I am also an avid reader. I conducted my own blackouts in order to experiment with lighting. I fired up my oil lamps and candles an whilst the effect was romantic I could tell that an extended period with only this kind of lighting would begin to wear on my eyes and mind. I’m amazed that everyone wasn’t blind from reading by oil lamp and candles in the days before electricity. Trying to read for long periods by such dim light was not a pleasant thought. I even put my headgear camp light on to read. It works but about one or two nights of it and reading starts losing its allure.
So, as I experimented and pondered life in the dark I started seeing myself as the feminine version of Jack Nicholson in The Shining.

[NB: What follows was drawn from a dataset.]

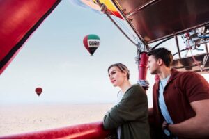Casais mais aventureiros podem optar por um voo de balão ao amanhecer sobre o deserto árabe. Empresas como Hero Balloon Flights Dubai oferecem pacotes que incluem traslados, café da manhã e até sessões de fotos no amanhecer dourado do deserto.

I think I’m a pretty hearty gal but I honestly don’t think I could maintain my sanity for more than a couple of weeks under these conditions. It would make solitary confinement look like spring break at the Ritz. Bottom line; without electricity in winter I would really be in a pretty tough situation.
On March 11, 2011 we learned of the 9.0 Earthquake at Fukushima. The earthquake and ensuing tsunami were bad enough but the real shag nasty story was the meltdown of the Fukushima nuclear plant. The earthquake and tsunami were local tragedies but the nuclear plant situation blew right into my backyard and presumably fell right on my pointy little head.

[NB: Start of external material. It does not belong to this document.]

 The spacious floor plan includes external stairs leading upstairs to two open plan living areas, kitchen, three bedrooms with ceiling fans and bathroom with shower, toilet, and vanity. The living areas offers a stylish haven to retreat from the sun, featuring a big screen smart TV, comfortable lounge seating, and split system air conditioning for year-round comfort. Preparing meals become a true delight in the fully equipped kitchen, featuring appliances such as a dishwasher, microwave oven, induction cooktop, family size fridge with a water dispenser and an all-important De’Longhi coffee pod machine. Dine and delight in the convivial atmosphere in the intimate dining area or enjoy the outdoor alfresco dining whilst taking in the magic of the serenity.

I have to admit that throughout my life I have been ambivalent as regards nuclear energy. I honestly had no opinion one way or another. As I followed the Fukushima incident and learned more about nuclear energy and spent fuel rods, I began thinking nuclear was a truly unenlightened way for humans to meet their energy needs. The more I thought about it the more I thought about solar energy, so clean, so natural, so sensible and the more I warmed to the idea of a solar energy system.

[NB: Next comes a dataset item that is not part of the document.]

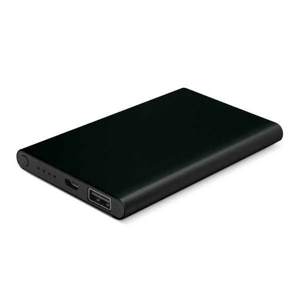 Thin 4000mAh power bank with a power gauge and a smart aluminium finish. The input power is 5V/1 Amp and the output power is 5V/1 Amp. It can be recharged in 5-6 hours from a USB port or a mains adapter. Comprehensive instructions and a Micro-B USB cable are included. An optional EVA carry case and a triple connector cable are available on request. Zion laser engraves to an oxidised white colour.

Since moving to Montana wilderness I have begun saying I would like my tombstone to read, “She left no trace.” Finding a way to use solar energy I decided was one more way I could remain true to my life goal. Solar was a way I could reduce my footprint upon the planet just a tiny bit more. Before I knew it I was on a mission to figure out how to make solar energy a part of my life.
Right off the bat there were obstacles. Living in rural Montana one has to be willing to live with the fact that getting things done often isn’t easy. First, I looked locally for a solar installer but the only one we had had moved south because there just wasn’t enough business. Next I tried down in the Flathead. I could only find one company down there and it was in Whitefish.
I called the company in Whitefish and two guys came out and we discussed the possibilities. They assured me that there was enough light in winter to get solar power. They also went on and on about the 30% Federal tax credit and the money I would save on my electric bill. First of all I would do the project with or without the tax credit and the amount of money I would save, that’s just baloney. Everything I have read says solar costs at least twice as much as what I pay my electric co-op which is $.06/kWh. I tried to make it clear I was not particularly interested in the economics of the project. I was most interested in having my basic needs met in the event of a prolonged power outage, particularly in winter. Don’t get me wrong. I’ll be tickled pink to get the credit but it wasn’t a selling point for me and I got sick to death of hearing about it. The guy clearly never took a selling 101 because he never listened to a thing I said. And, I found that very frustrating.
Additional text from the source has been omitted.